= Beginning of Section =
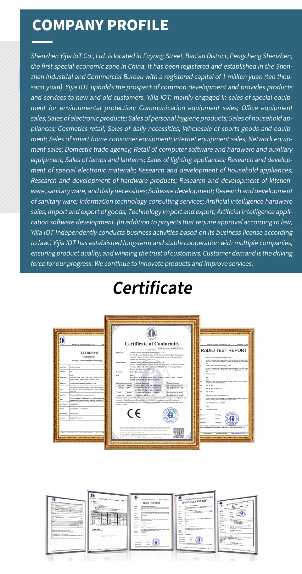 • Certification: CE
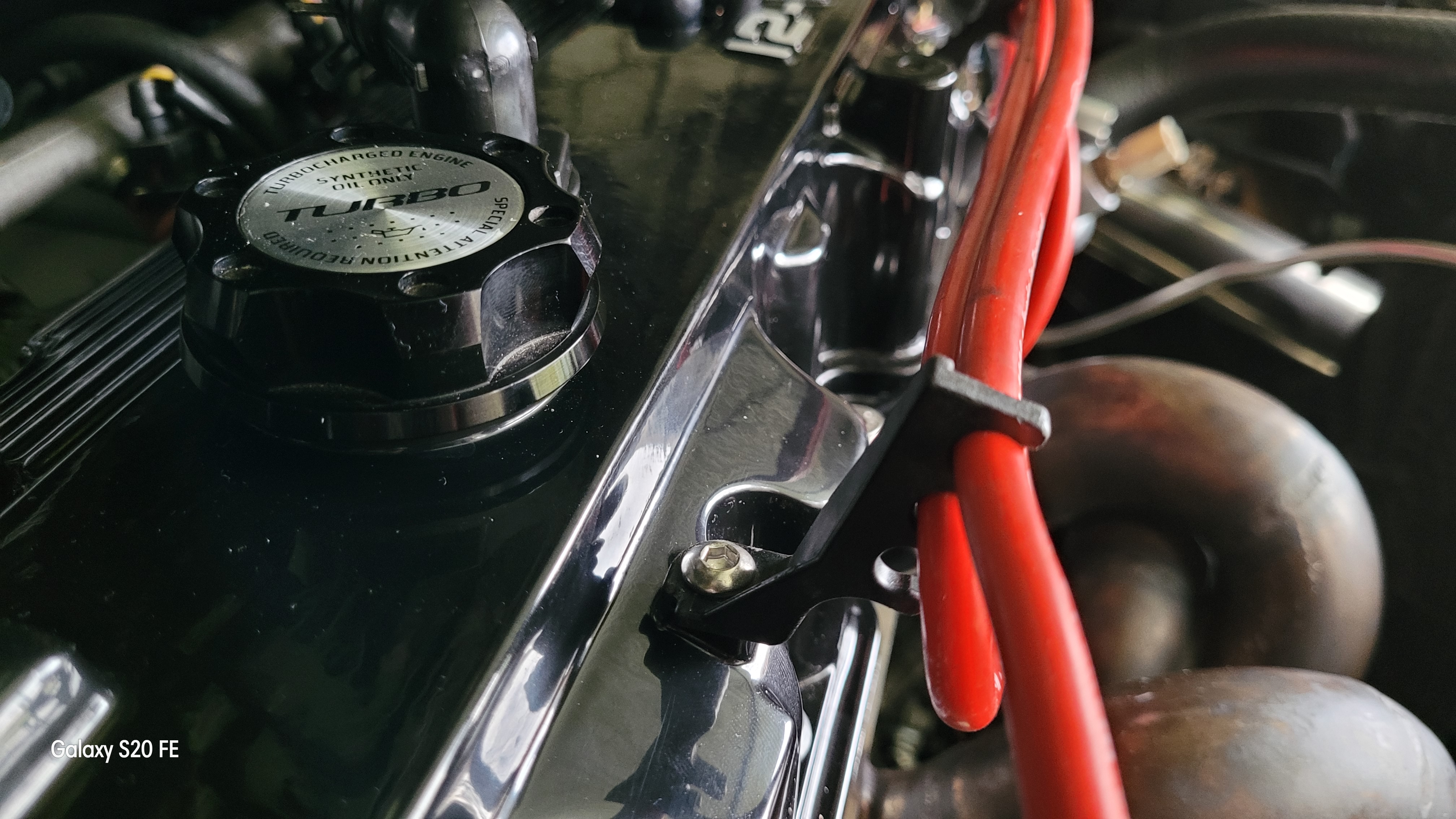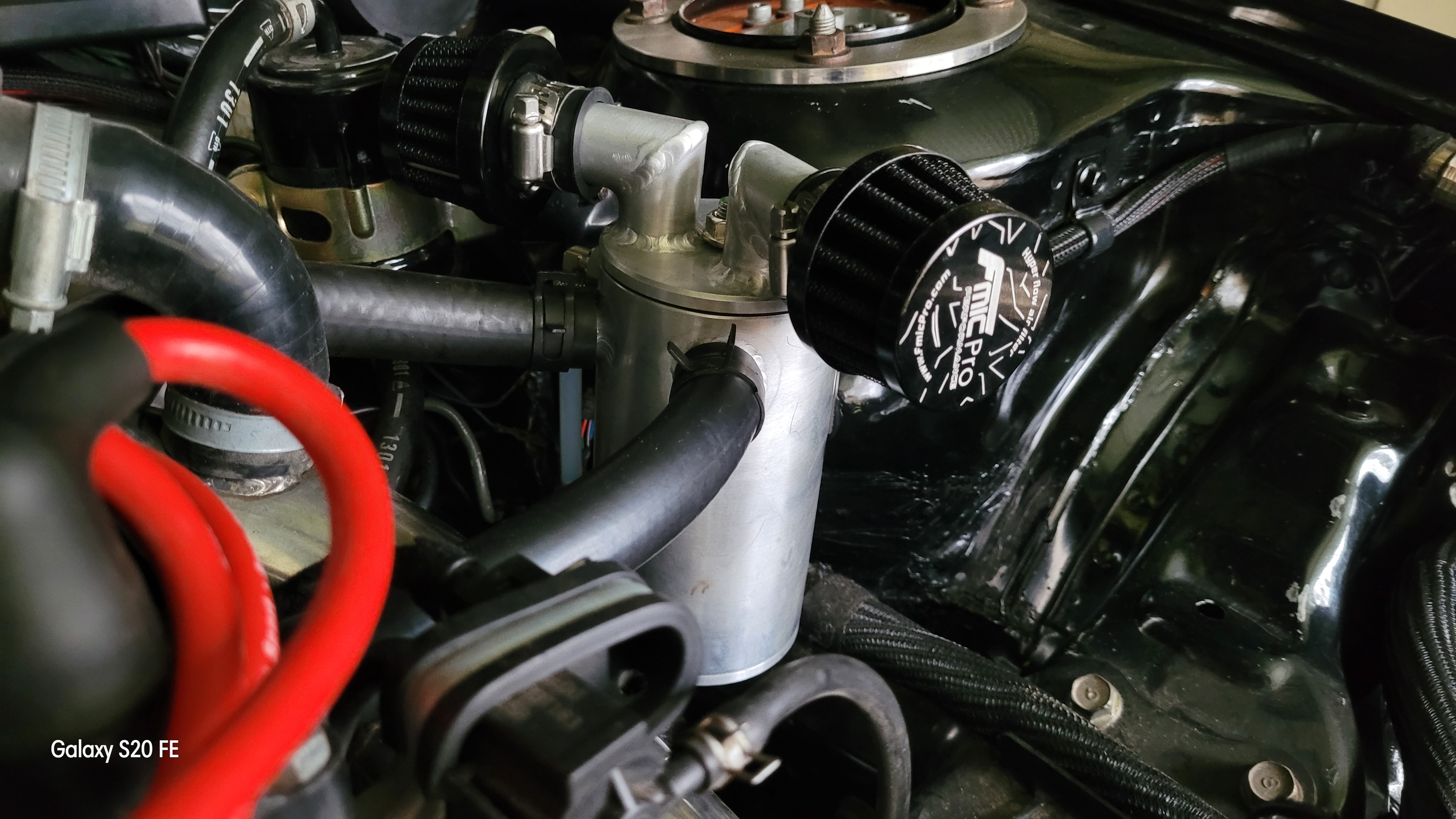 - przerobiony układ odmy. Dwa duże 20mm wyjścia z pokrywy zaworów do podwójnego catch tanka Properfekt z dwoma filtrami
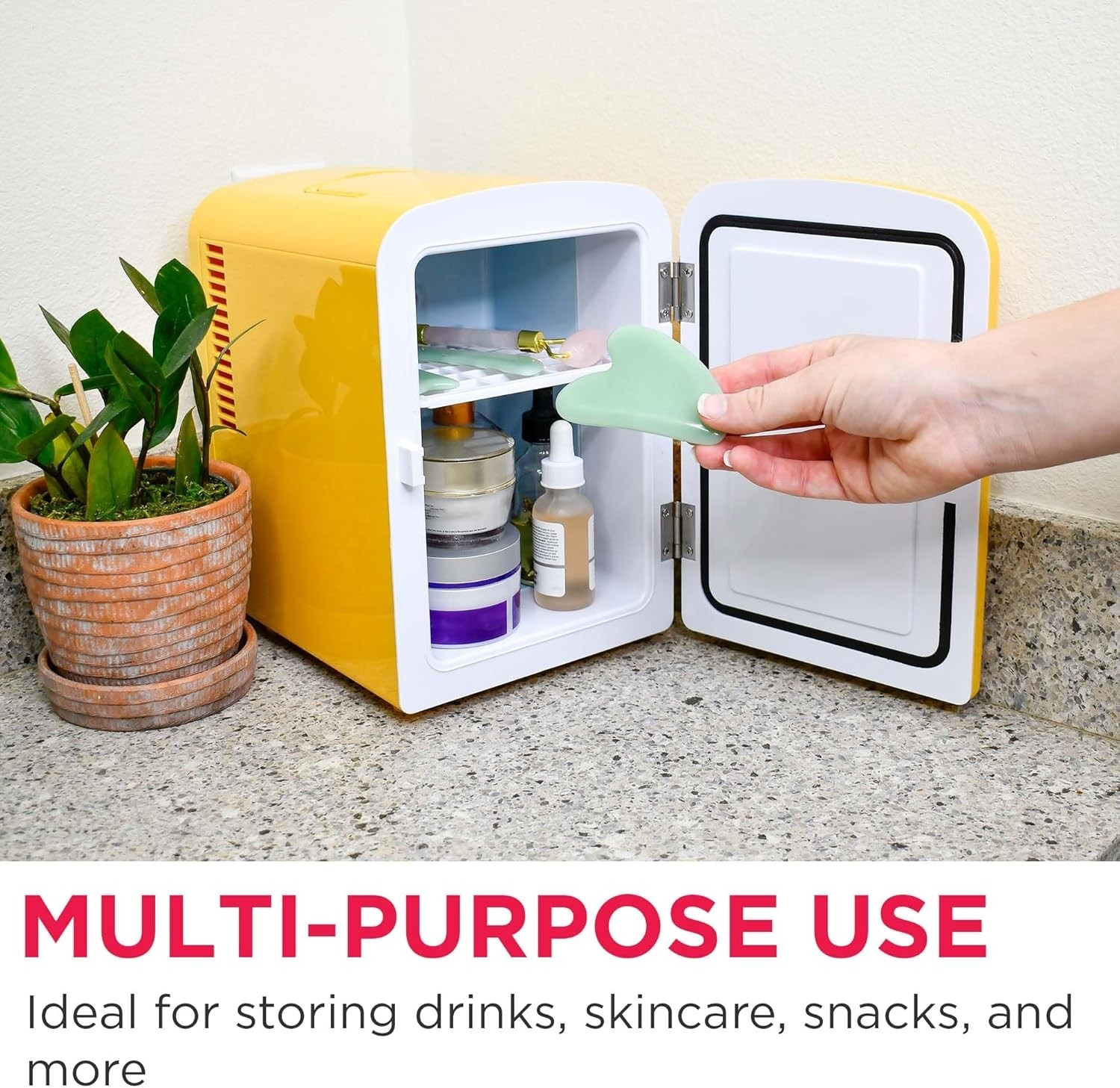 - Store snacks, beverages, and skincare products
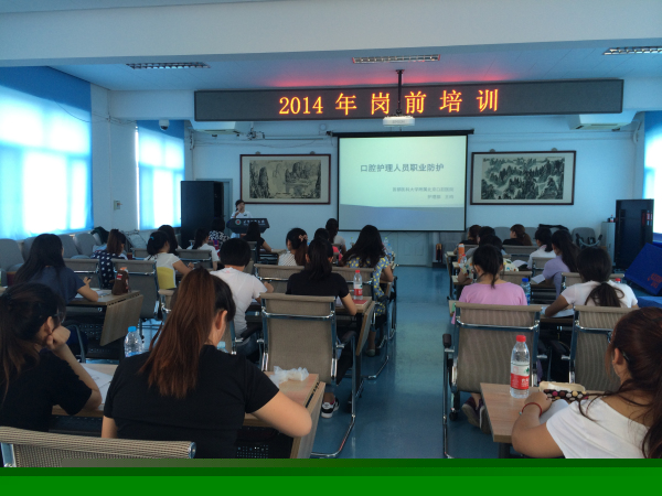 专业培训课程是护理部根据医管局关于《开展护士规范化培训》的文件精神重新修订制定的,内容涵盖了口腔内科、口腔外科、口腔修复、口腔正畸、儿童口腔科等各专业领域的疾病知识、护理技能,并增加了口腔科设备使用及口腔放射知识的讲座。大部分课程由各科医生及护士长授课,科室教学老师负责操作技能培训。操作项目培训以专科护理技能为主,基础护理技能为辅,包括磷酸锌水门汀调拌技术、藻酸盐印模材调拌技术、血压测量技术、无菌技术,以及心肺复苏配合简易呼吸器技术。护理部还组织新入职护士到主要专业科室见习,学习接诊流程,熟悉口腔科常用器械、材料等,以便进入科室后尽早顺利开展工作。
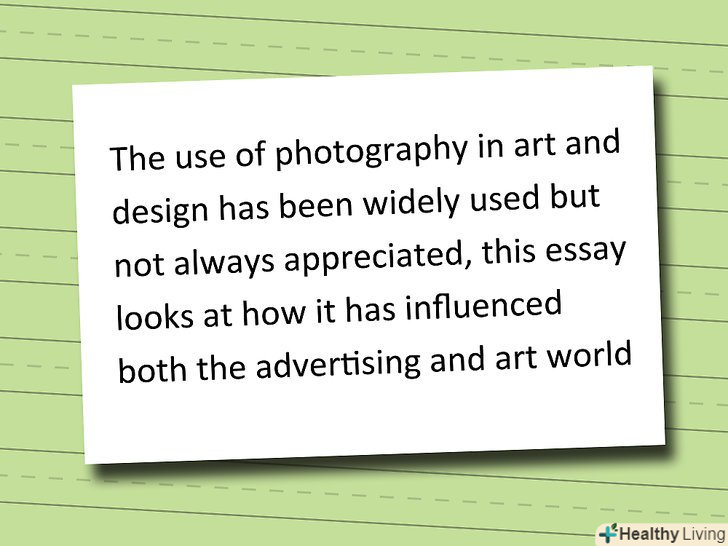 З'ясуйте, що все це означає.перед тим, як почати писати вашу роботу, ви повинні сформувати свої власні висновки. Незважаючи на те, що вам не потрібно наводити аргументи, вам все ж потрібно знати те, про що ви пишете.- Тема, яку ви виберете, в кінцевому підсумку повинна буде відображена в ваших тезах.
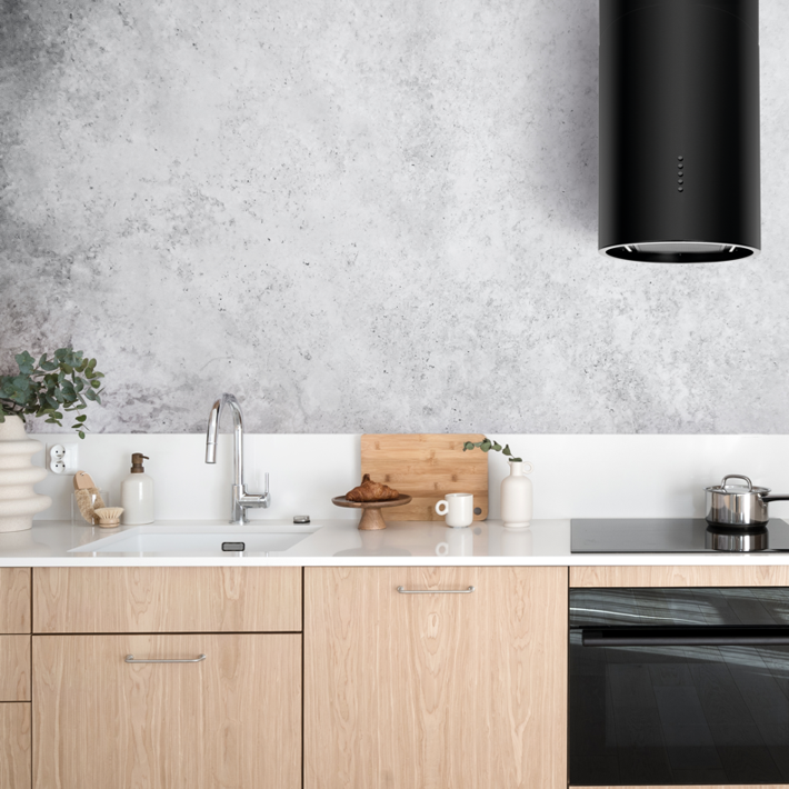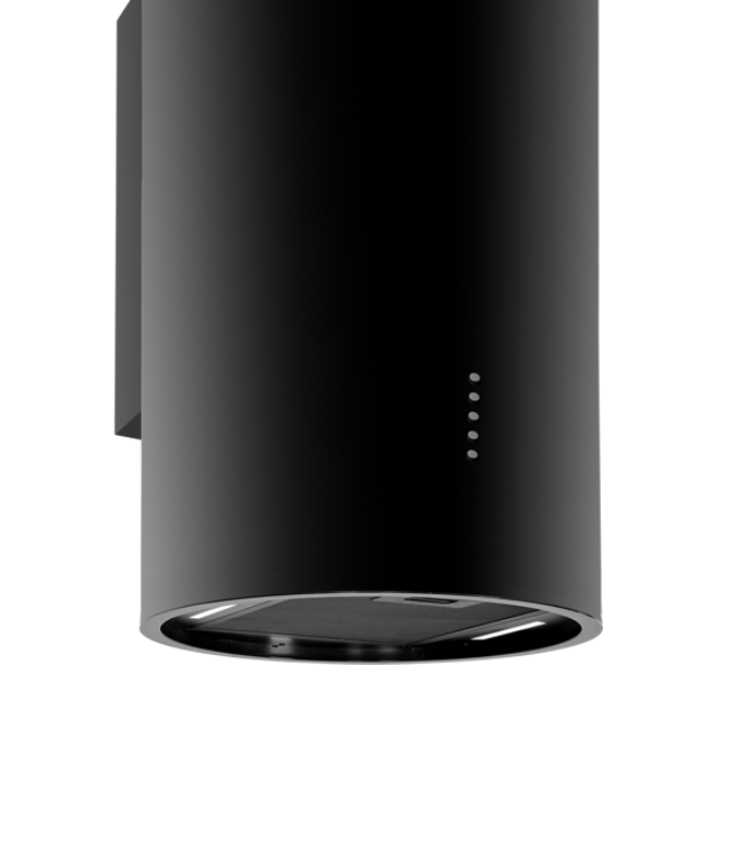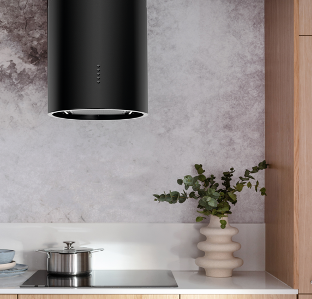 Elegancki i nowoczesny wygląd okapu, zdominowany przez głęboką czerń szklanego frontu i cylindryczny kształt idealnie komponuje się z każdym stylem kuchennym – od minimalistycznych wnętrz po industrialne aranżacje.
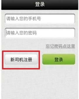 3、启动快递打车司机班,首页面如下图,第一次使用请点击“新司机注册”按钮!
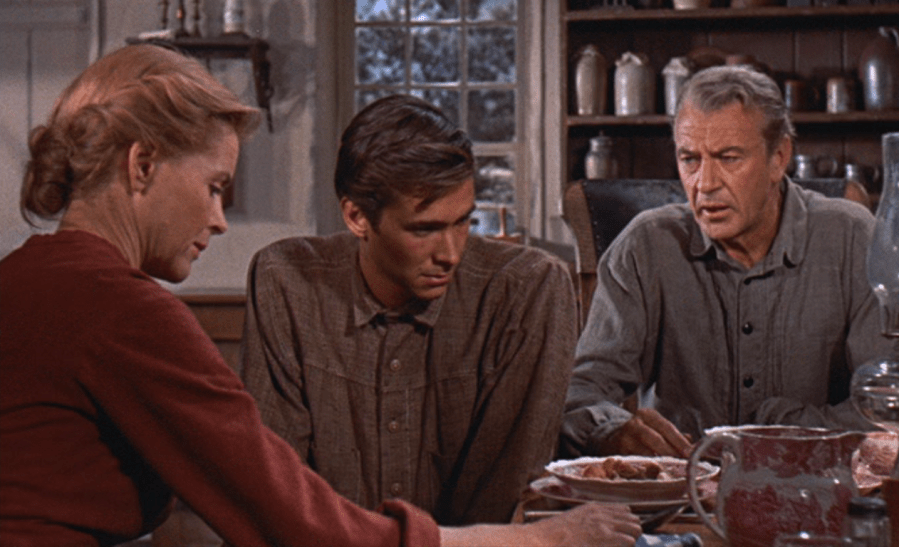 One walks away from Friendly Persuasion wishing that the film had been more serious about its characters’ beliefs. It has the seeds of a good movie in it, even an unusual one. Friendly Persuasion is episodic and tranquil in a way that mainstream American movies rarely are anymore. Would any studio keep the movie’s scenes of comic relief, in which Jess (Cooper) and Josh (Perkins) fight off the amorous singing of a widow woman and her three desperate daughters? (Watching Perkins squirm while three women nuzzle and caress him is what I think the universities call “subtext.”) There are long stretches of the movie which are pure agrarian verisimilitude, i.e. not much happens but everyone seems okay with it onscreen so we gamely follow behind. And for the most part, the people do appear happy enough. Jess and Eliza (McGuire) quarrel frequently, but they are minor squabbles which can be mended with an adequately romantic gesture on Jess’ part; or, perhaps, they require Jess to begin praying with such verve and volume that it drowns out the sounds of illicit music creaking down from the attic. The men are men, the women are women, they sit on separate sides of the church, the valleys stretch on forever through endless fields of corn, and somewhere even Norman Rockwell needs a minute to get his bearings. In Gary Cooper, whose amiably ironic performance anchors the film, there’s hardly a trace of the man who could be charmed by Dietrich in Morocco. Tom Brown, the Legionnaire who was titillated by one woman kissing another, has been replaced by the small farmer Jess Birdwell. Friendly Persuasion is the picture of a man who’s been married for twenty years and says cute things like, “Gosh, isn’t that swell!” and “Sorry, pal, I think I need to talk to the ol’ ball and chain first.”
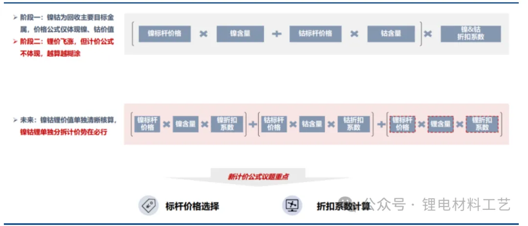 通过成本与收益的核算,目前锂电回收行业仍处于微利甚至亏损的状态;主要在于2022 年以来原材料端废旧电池包的高溢价。此前由于锂价较低,三元电池回收以镍钴为主,因此计价折扣系数仅体现镍、钴的价值;22 年锂价大幅上涨,为体现锂价值量,只能调高镍、钴的折扣系数;叠加行业参与者激烈争夺废旧电池包资源,电池包的折扣系数由正常情况下的 70-80%大幅飙升,最高超过 200%,与实际价值量水平存在较大偏差。
= End of Section =
EXERCISE DESCRIPTION »
Exactly as they appear, please return only the lines from the first line of the records through the line containing "- Store snacks, beverages, and", both included, leaving out all pictures.

RESPONSE FOR THIS EXERCISE »
 • Certification: CE
 - przerobiony układ odmy. Dwa duże 20mm wyjścia z pokrywy zaworów do podwójnego catch tanka Properfekt z dwoma filtrami
 - Store snacks, beverages, and skincare products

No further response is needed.